Every summer hordes of artists, visionaries, trust fund kids and dance party enthusiasts make the trek to transform Nevada’s Black Rock Desert into The Playa for Burning Man, a celebration of life, quirkiness, dust storms, and of course, drugs. And while the far reaches of nowhere, Nevada may sound like a free-for-all where anything goes, a new directive from the federal government’s Bureau of Land Management is looking to crack down on burners driving under the influence.
Because Burning Man takes place on federal land, it is subject to federal regulations, and in a section of this Wednesday’s Federal Register, representatives from the BLM, a subset of the Department of the Interior, laid out the law of the land for this year’s festival, including standard bans on peeing on the desert, underage drinking and setting off unsanctioned fireworks. But in addition to those run of the mill rules, the BLM directive sets a new standard for driving while stoned that could put thousands of burners at risk for a false DUI arrest.

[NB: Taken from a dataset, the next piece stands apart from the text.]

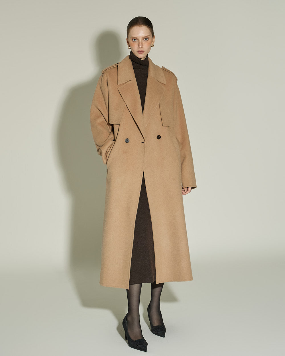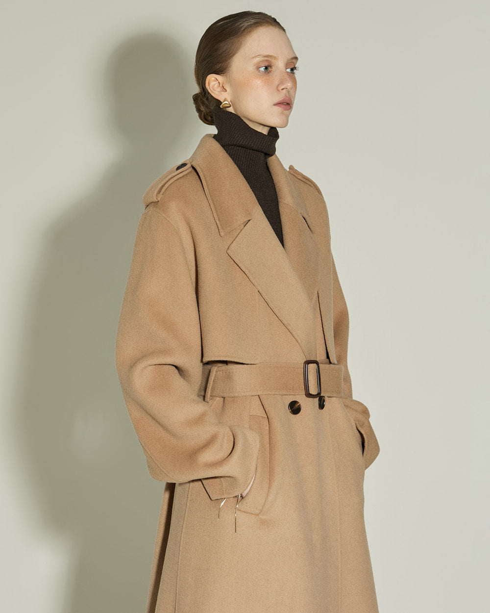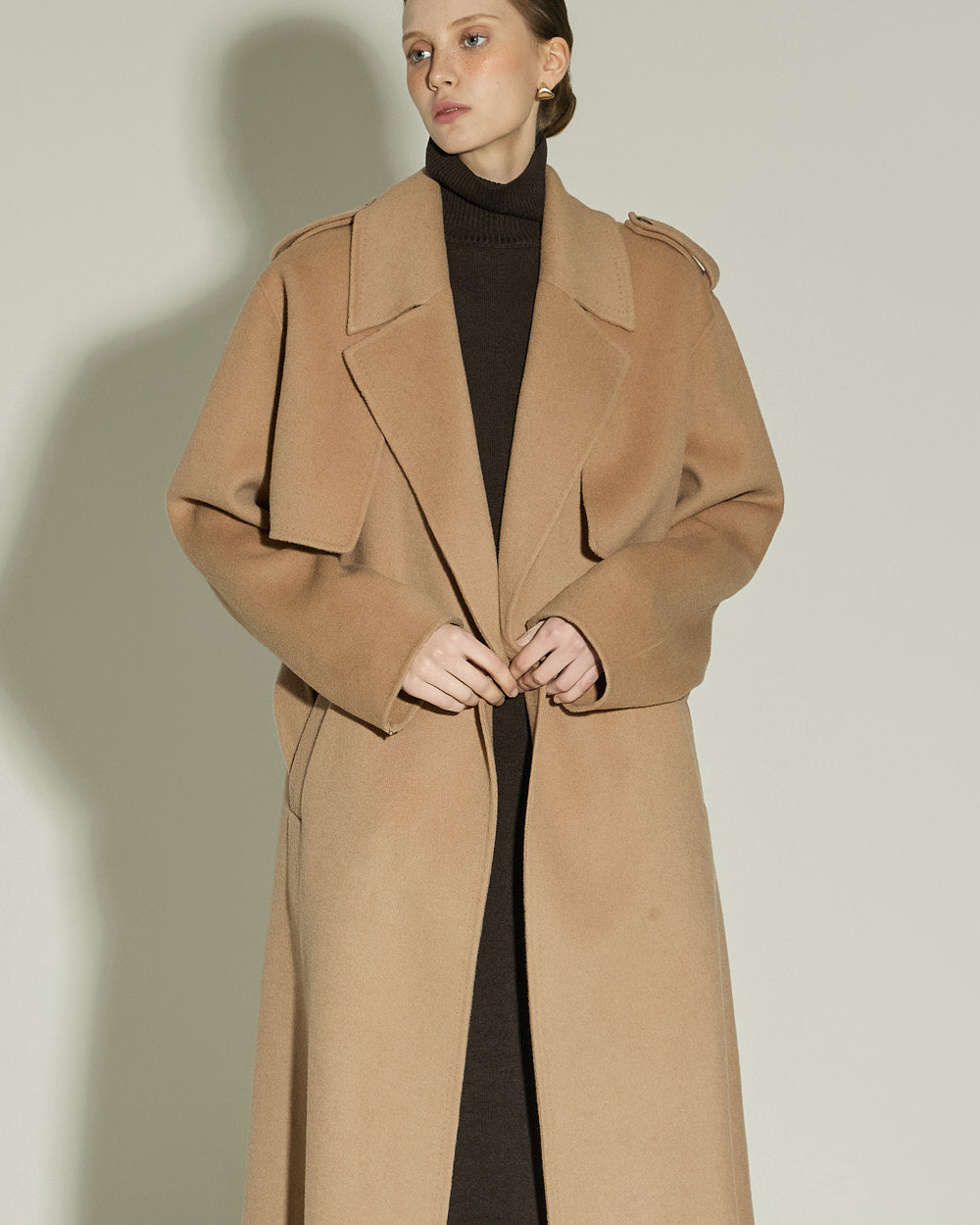 The 174cm model is wearing size ONE in BEIGE.

According to the new directives, anyone caught driving in or around the playa with 2 nanograms or higher of THC per milliliter of blood in their system is subject to arrest and prosecution. If that doesn’t sound out of the ordinary, consider this, a nanogram is one billionth of a gram - yes, with a ‘B.’ And because marijuana stays in the system for up to a month, even someone who smoked their last joint in August could be arrested for a DUI while leaving the desert party in September.
Thankfully, the stipulations do specify that officers need probable cause to perform the test. Unfortunately, probable cause is still pretty arbitrary, with bad driving or anything considered drug paraphernalia giving cops free range to enforce the BLM regulations.
According to reporters at Cannabis Now, who first noticed the new BLM Burning Man regulations, arrests at the festival of desert debauchery have been steadily climbing in recent years, with 37 of last year’s 46 Burning Man arrests stemming from drug crimes. To get an expert's opinion, Cannabis Now asked cannabis legal theorist Lauren Vazquez what the rules meant for festival attendees, and found a more optimistic view than expected.
“It looks to me like they are setting a standard for drivers on the playa. It does say probable cause is required,” Vazquez said. Adding, “It’s only on the playa, and it takes probable cause to search the driver by saliva or blood or urine, just being at Burning Man is not probable cause — they have to smell weed, see you driving badly or see you doing drugs while driving before they can test you. So just sitting in line on the way out is safe.”
Still, if anyone on The Playa is subject to the BLM’s DUI drug test, no part of Nevada’s recreational legalization law will be able to bail them out thanks to federal prohibition. So while plenty of cannabis DUI cases have been thrown out because of the inability of a blood or urine test to prove intoxication, Burning Man’s federally owned campsite presumably offers no such protections.